Two other units started five games each — the combo of Green, Bass, Sullinger, Gerald Wallace and Rondo that didn’t win a single game, and a 1-4 group that included Green, Bass, Sullinger, Wallace and Rondo.

No wonder that the concept of group efficiency is so important to Brad Stevens this season. The Celtics coach spent most of last season juggling what was available, and rarely felt as though he had a handle on an efficient combination, though he did learn that it’s not good to have Sullinger and Kelly Olynyk on the floor at the same time.

Stevens is among those who believe that the next great frontier in basketball analytics involves chemistry. The trick, and he may not come close to it for a few seasons, is quantifying his most effective group. Indeed, teams traditionally determine these combinations through trial and error with the right mix of stars and role players.

Gregg Popovich’s great San Antonio rotations have always featured one of the game’s great blending agents: Tim Duncan.

LeBron James has spent a Hall of Fame career dressing up shallow lineups.

But the Celtics don’t have the luxury of a star. There’s a mediocre sameness to the 2014-15 team. Leave it to a fresh thinker such as Stevens to turn to group chemistry in the absence of much talent.

“I know people are trying to measure it,” he said. “But there are so many subjective things in the chemistry of a team, whether it’s a person’s humility and willingness to take a backseat to someone else on the team, or whether it’s a person’s initiative to be willing to make plays when it’s all on the line.”

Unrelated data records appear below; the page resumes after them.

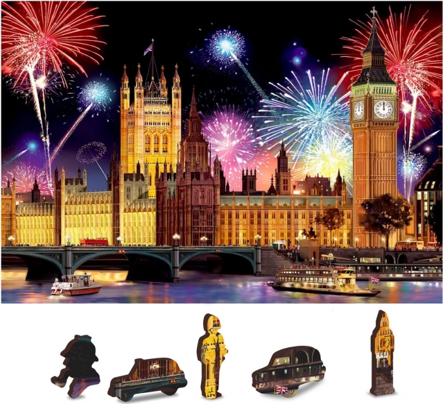Porta a casa un pezzo di Londra con il puzzle in legno affascinante Londra Notturna 2 in 1. Questo puzzle contiene un totale di 150 pezzi, di cui 30 con forma unica che rappresentano edifici e simboli iconici della capitale del Regno Unito. Preparati per una maggiore difficoltà grazie ai pezzi dalle forme diverse, che rappresentano una sfida anche per i puzzlisti esperti.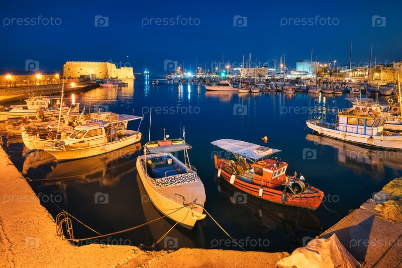 Венецианский замок-форт в Ираклионе и пришвартованные греческие рыбацкие лодки в порту, остров Крит, Греция ночью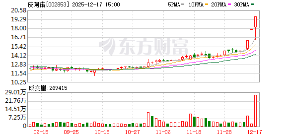 12月17日,皮阿诺以18.11元的价格高开,随后震荡走高,午盘后封住涨停板,报19.65元。算上前一日交易日(12月16日),复盘后的两天时间里,皮阿诺股价上涨了21%。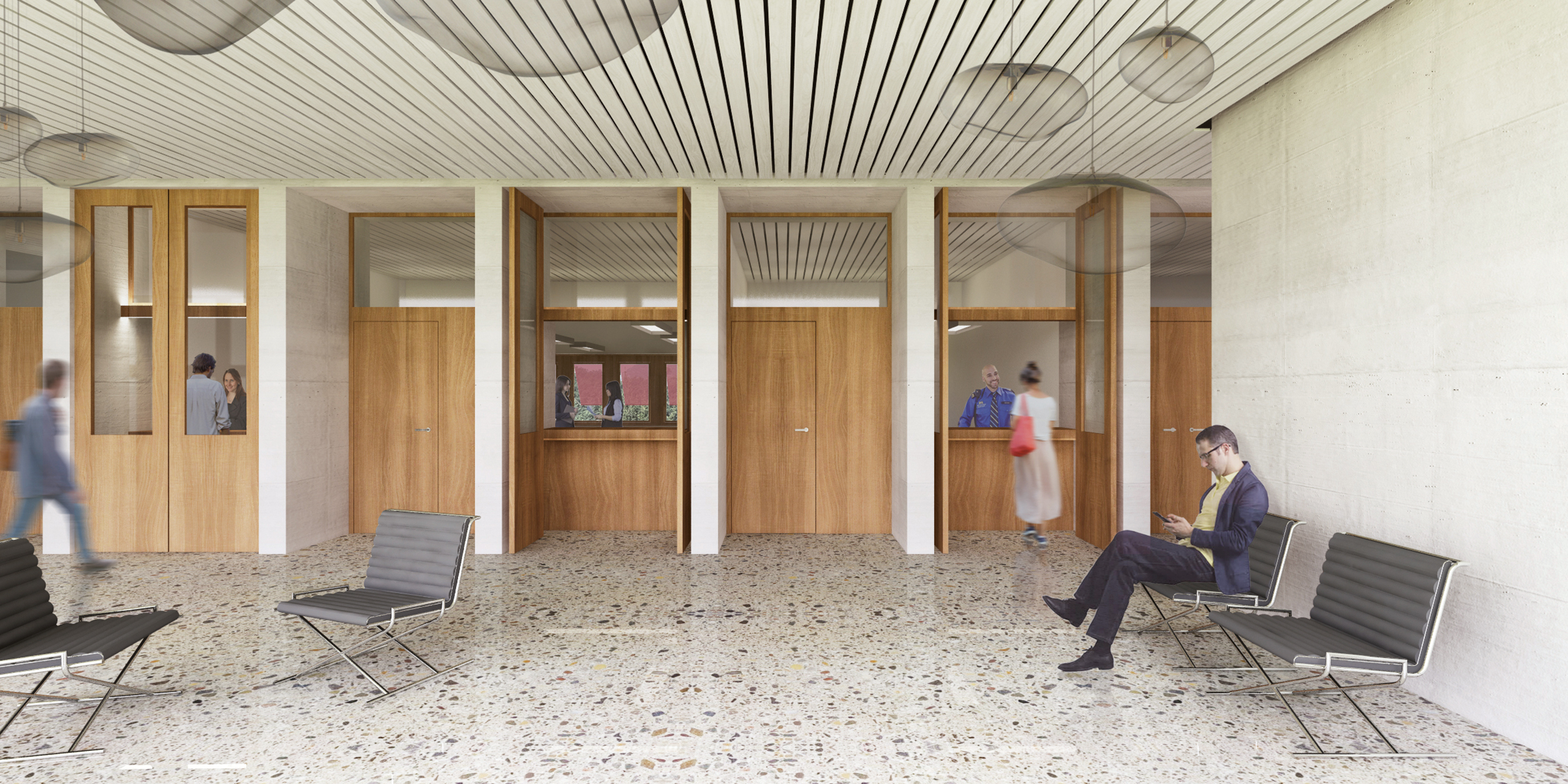 L’utente entra frontalmente in un grande atrio dove incontra i vari sportelli. Un corridoio guida verso gli uffici e le sale di uso pubblico. Ai dipendenti invece è riservata un’entrata separata verso la scala principale e l’intero primo piano. L’organizzazione dei vari locali al pianterreno si ripete al piano superiore: un corridoio centrale affiancato da uno strato di spazi contenente i servizi, le entrate ai locali nonché armadi disponibili e tecnici.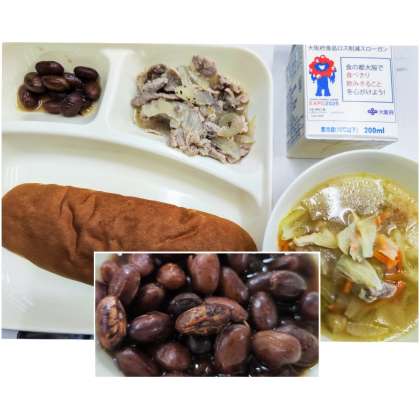 「グラッセ」とは、フランス料理の一つで、「つやを出した料理」のことを言います。今日の給食の「うずら豆のグラッセ」は、オリーブ油を使って、つやを出しています。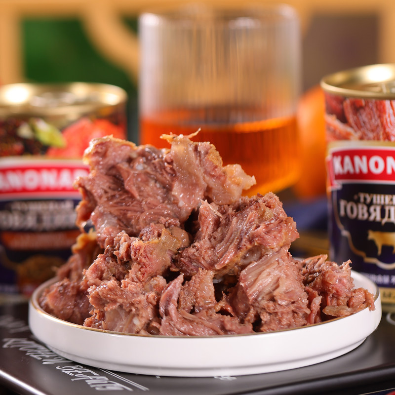 白俄罗斯进口哈里森牌牛肉罐头即食大块肉原味辣椒速食下酒菜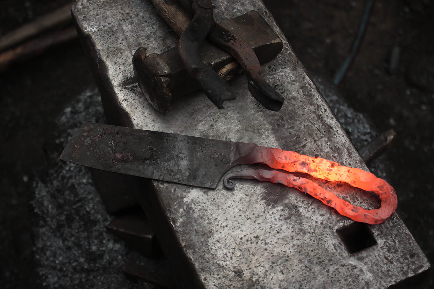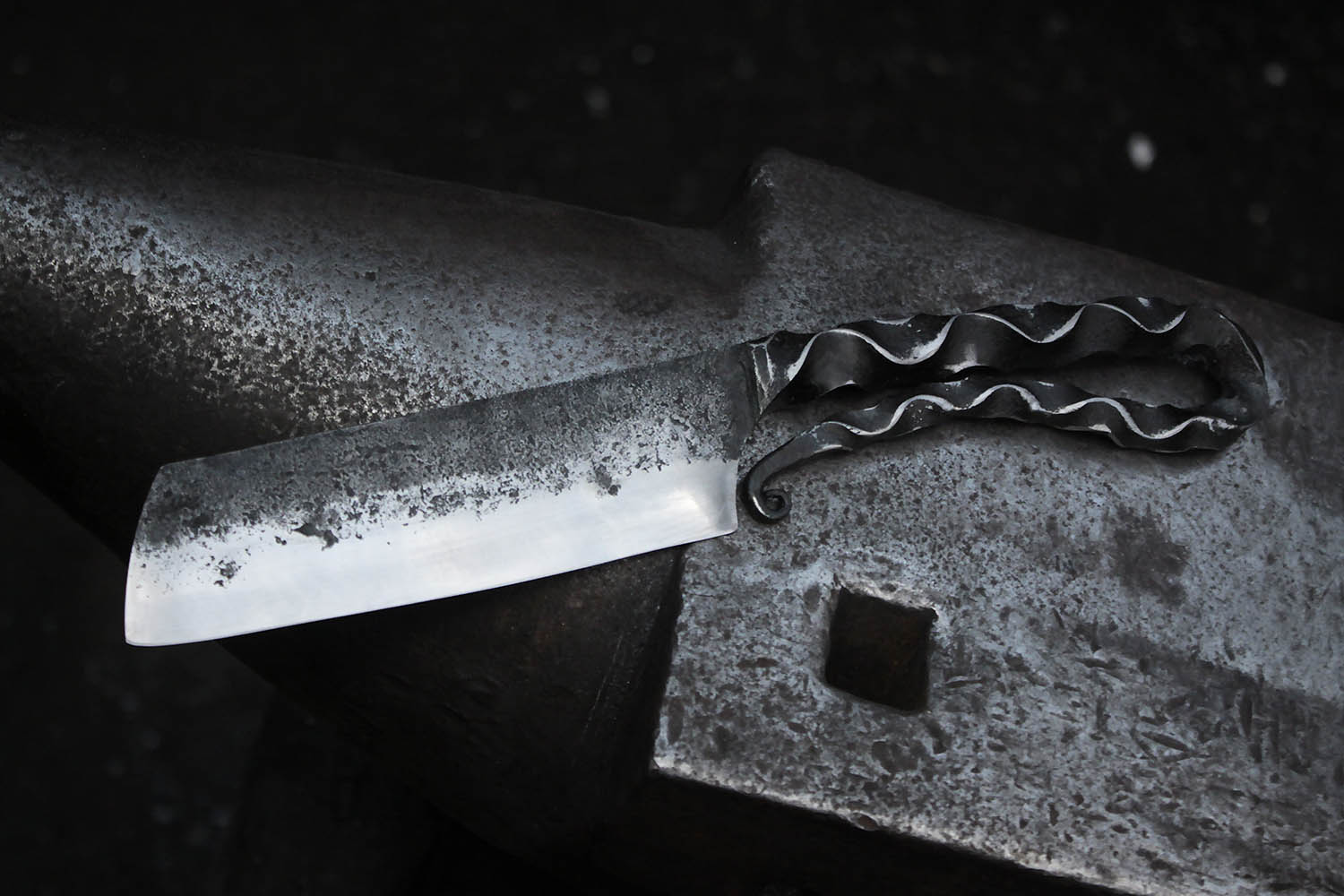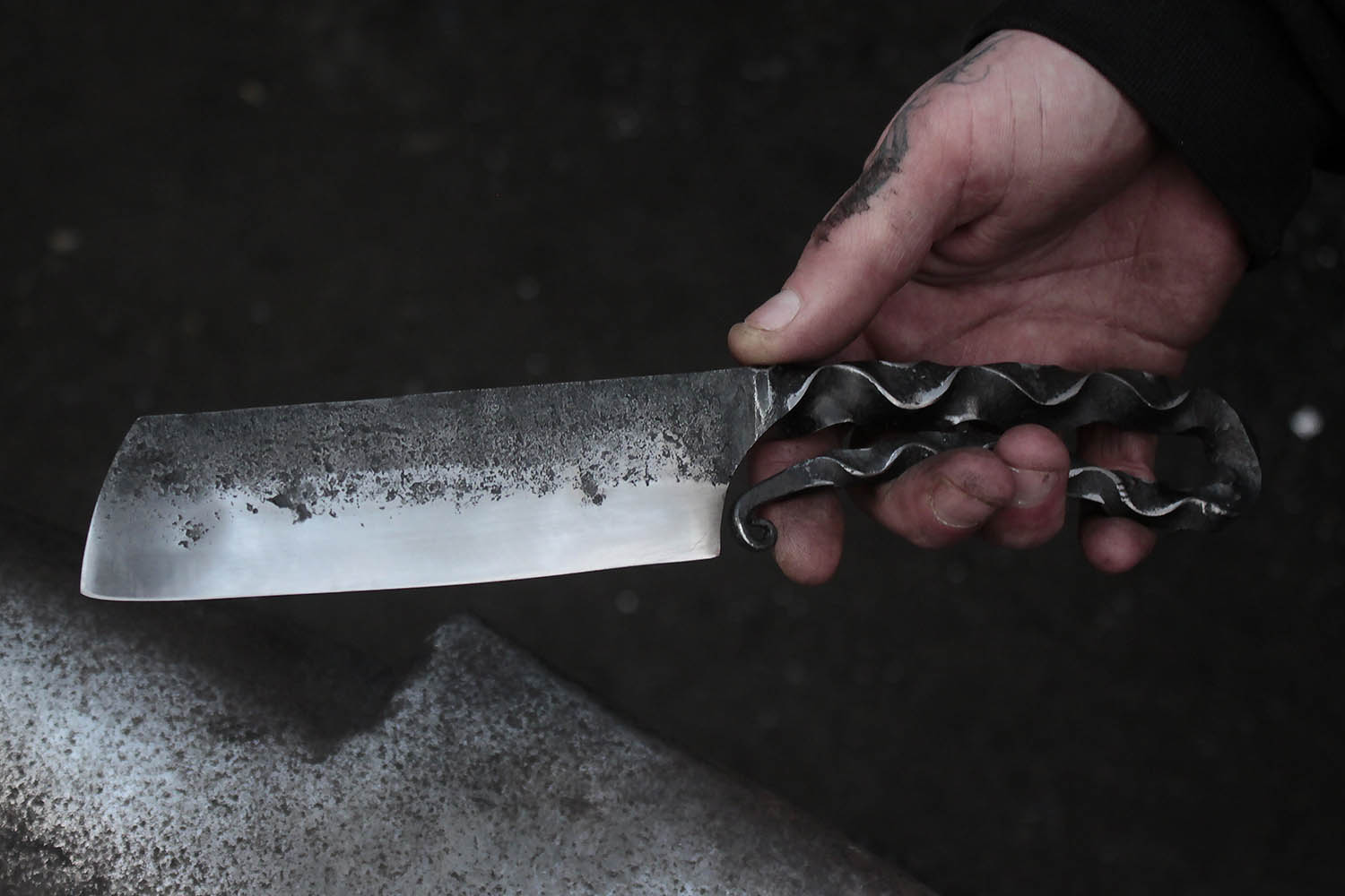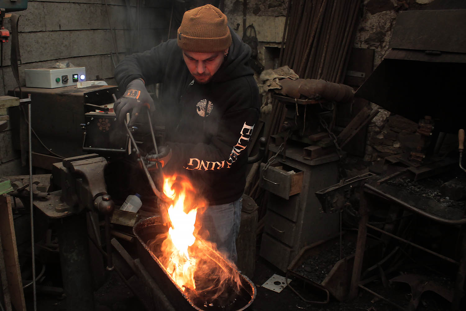 Tatoueur et artisan, Nicolas vient se tester sur un serieux couteau.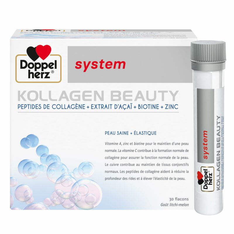 DOPPELHERZ KOLLAGEN BEAUTY est un système de traitement de 30 ampoules qui s’appuie sur les peptides du collagène pour renforcer votre peau. Le système Doppelherz KOLLAGEN BEAUTY est encore renforcé par son mélange unique de vitamines et minéraux antioxydants (la vitamine A, le zinc, le cuivre et la biotine), ainsi que d’extrait de baies d’açaï – tous les ingrédients qui favorisent un teint sain pour le visage et le corps. Doppelherz KOLLAGEN BEAUTY est un complément conçu pour une utilisation à long terme. Un effet est visible après environ 4 à 8 semaines. Il soutient la “renaissance” et l’amélioration de la fermeté de la peau grâce à ses ingrédients de collagène de haute qualité. La consommation orale de collagène peptides a un effet positif sur l’apparence. Les rides et les ridules du visage sont atténués. L’élasticité de la peau est améliorée. De plus, un effet de traitement des cicatrices est obtenu.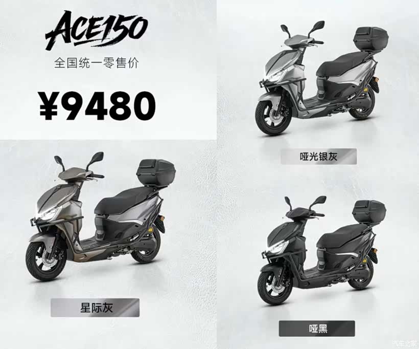 钱江ACE150售价:9480元;出厂自带加粗护杠、大容量尾箱。(哑光银灰、哑黑、星际灰,三色可选)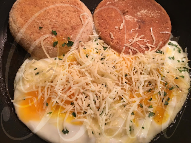 saler et poivre, et saupoudrez avec le persil et fromage râper, laisser les oeufs cuirs un peut et déposer le muffin sur les oeufs et retourner.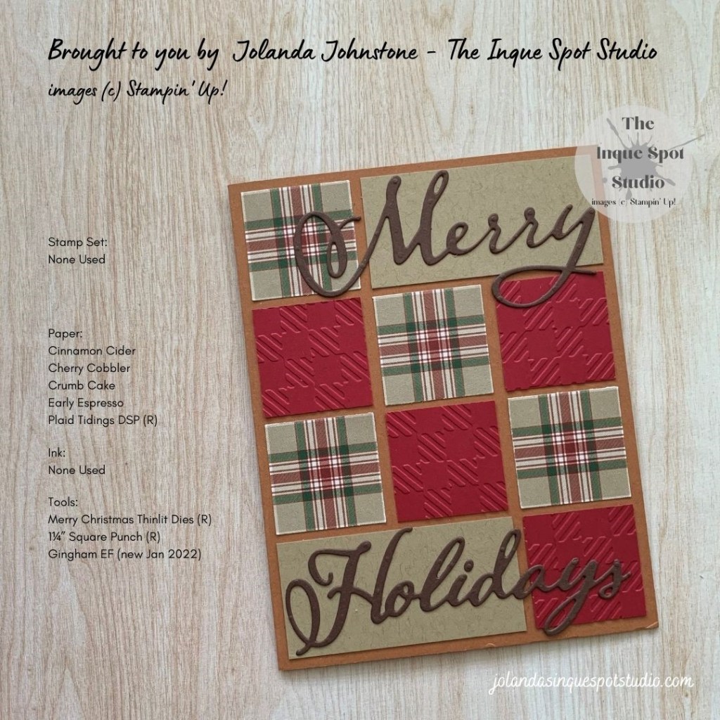 - Block Pattern: Crumb Cake and Cherry Cobbler cardstock and the Cherry Cobbler, Garden Green, Crumb Cake and Whisper White patterned piece of paper from the retired Plaid Tidings Designer Series Paper pack.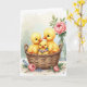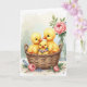 This card shows three fluffy golden-yellow baby birds nestled close together in a rustic woven basket, leaning into one another with the kind of gentle closeness that reads like friendship. Two of them angle their wide-set eyes toward the smallest, as if quietly looking out for it, and their orange beaks sit near its head like a soft nuzzle. The tiniest bird wears a little garland of pastel pink and blue blossoms around its neck, adding a sweet spring detail 🌷. Light falls in a soft, diffused way that brings out the feathery texture and the basket’s woven strands, while the background fades into pale green and cream. In the upper right, a blush-pink peony rests in a clear glass vase, with a deeper red center that draws the eye. Around the basket’s base, a few matching flower sprigs are scattered like little gifts, and the greeting text sits near the top in a gentle pastel tone with a smaller line beneath it in a darker shade 🐰. The scene includes a clear glass vase holding a blush-pink peony with a dark red center in the upper right.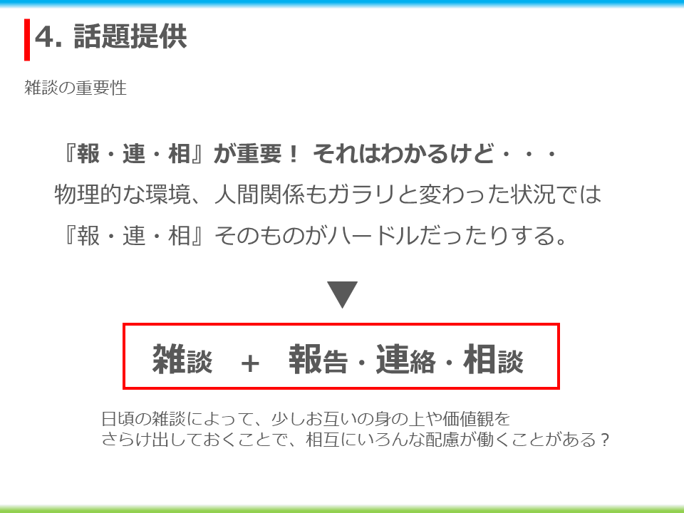 まずは、アイスブレイクがてらチェックインと自己紹介。次に、“成功循環モデル”の説明と日頃からの対話の重要性について根拠を添えながら解説をしました。そうしてある程度話がしやすい空気になってきたところで、全く異なる立場の3者のお互いの立場を想像する練習になるワークを行いました。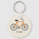 A keychain featuring an illustration of an orange bicycle. Personalise with your name under bike.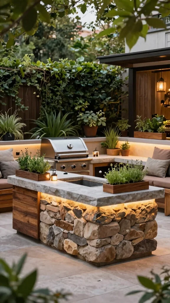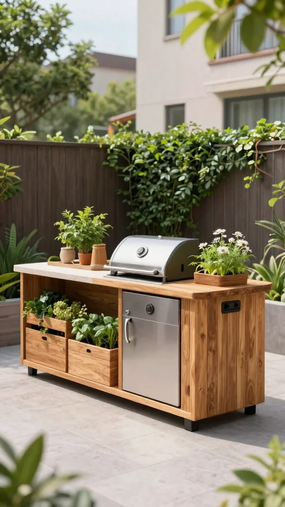 Adding built-in planters for fresh herbs and vegetables not only enhances the look but also provides delightful ingredients for your grilling adventures.

Stevens has plenty of those backseat types, with a few willing souls not consistent enough to take the wheel. Somehow they all have to make each other better.

“There are so many things that are hard to measure,” Stevens said of the challenge in discovering his best group. “There’s not enough data on the sets or groups with the new guys, and there won’t be for quite a while. What you’re trying to do right now is project as a group what each guy has done in the past, and how that will work.

“It still doesn’t factor in chemistry, which is immeasurable. That’s where you have to see and feel and watch, and see if guys get better. Analytics play a role, certainly, in the groupings, but they will play more of a role later in the season.”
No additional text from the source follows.